In terms of addressing this, you probably just want to update your application to normalize those paths to RFC 3986 compliant URIs.
This is what Caspar (the software from the case study above) did. You might be able to just crib the normalization code from their Github repo. This is optimal (at least IMO), because your customers on Win8+ probably aren't on a version of Flash Player that supports EnableInsecureAllowListLocalPathMatching, and their only option to get it is to license a maintained Flash Player from HARMAN moving forward. It's much more cost-effective to just patch the application to pass in a valid URI in the first place.
At that point, you should be able to look at the logs and write matching AllowListUrlPattern directives that work.
It's also worth pointing out that MSFT will be removing the ActiveX Flash Player that they distributed to Windows 8 and higher via a future mandatory Windows Update. That package is currently optional, but the next big roll-up update (scheduled around summer) will require it.
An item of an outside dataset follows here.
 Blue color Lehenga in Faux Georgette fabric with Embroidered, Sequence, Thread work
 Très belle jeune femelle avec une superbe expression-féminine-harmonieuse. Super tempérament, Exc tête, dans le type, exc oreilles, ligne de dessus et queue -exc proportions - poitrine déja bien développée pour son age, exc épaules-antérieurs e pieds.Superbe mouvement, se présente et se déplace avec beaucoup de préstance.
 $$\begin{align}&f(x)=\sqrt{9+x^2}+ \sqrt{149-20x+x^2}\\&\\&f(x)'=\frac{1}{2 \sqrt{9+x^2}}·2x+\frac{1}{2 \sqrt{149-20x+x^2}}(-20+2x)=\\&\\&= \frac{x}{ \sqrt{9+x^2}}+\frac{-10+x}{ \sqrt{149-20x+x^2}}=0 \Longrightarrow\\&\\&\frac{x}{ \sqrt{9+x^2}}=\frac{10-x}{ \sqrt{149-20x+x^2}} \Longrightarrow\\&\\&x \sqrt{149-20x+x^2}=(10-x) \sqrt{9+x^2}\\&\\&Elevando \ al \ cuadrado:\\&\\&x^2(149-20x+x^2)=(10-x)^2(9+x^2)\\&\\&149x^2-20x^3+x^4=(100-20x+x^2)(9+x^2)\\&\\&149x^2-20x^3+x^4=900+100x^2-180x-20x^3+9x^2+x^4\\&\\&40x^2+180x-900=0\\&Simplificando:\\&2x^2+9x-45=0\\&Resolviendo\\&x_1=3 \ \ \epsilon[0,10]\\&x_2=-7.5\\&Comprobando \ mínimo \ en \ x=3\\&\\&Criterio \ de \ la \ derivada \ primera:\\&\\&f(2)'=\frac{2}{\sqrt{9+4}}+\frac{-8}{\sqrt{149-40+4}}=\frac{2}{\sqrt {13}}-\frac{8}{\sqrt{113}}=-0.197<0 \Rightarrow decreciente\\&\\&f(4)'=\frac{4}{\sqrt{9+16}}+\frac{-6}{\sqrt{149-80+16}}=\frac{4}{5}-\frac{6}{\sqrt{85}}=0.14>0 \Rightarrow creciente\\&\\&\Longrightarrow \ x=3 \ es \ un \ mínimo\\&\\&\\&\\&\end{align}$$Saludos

Licensing the ActiveX Flash Player from HARMAN is ultimately going to be necessary for enterprises on Windows 8 and higher. Adobe was never able to distribute an installer for the ActiveX Flash Player on that platform, so you can't just reach back and get and old version. HARMAN built an installer that works on Win8+ systems, AFTER the Microsoft Update that removes their Flash distribution has been applied.
Deploying a licened version from HARMAN confers some meaningful benefits -- those builds continue to get functional and security updates. For enterprises that need to keep Flash deployed, this is the best approach from both a security and operational perspective (they can/should still leverage the AllowList to limit their attack surface).
Without requiring users to license the HARMAN player, using confirming URIs buys you a few months to replace those Flash dependencies with something else before that mandatory MSFT patch gets deployed.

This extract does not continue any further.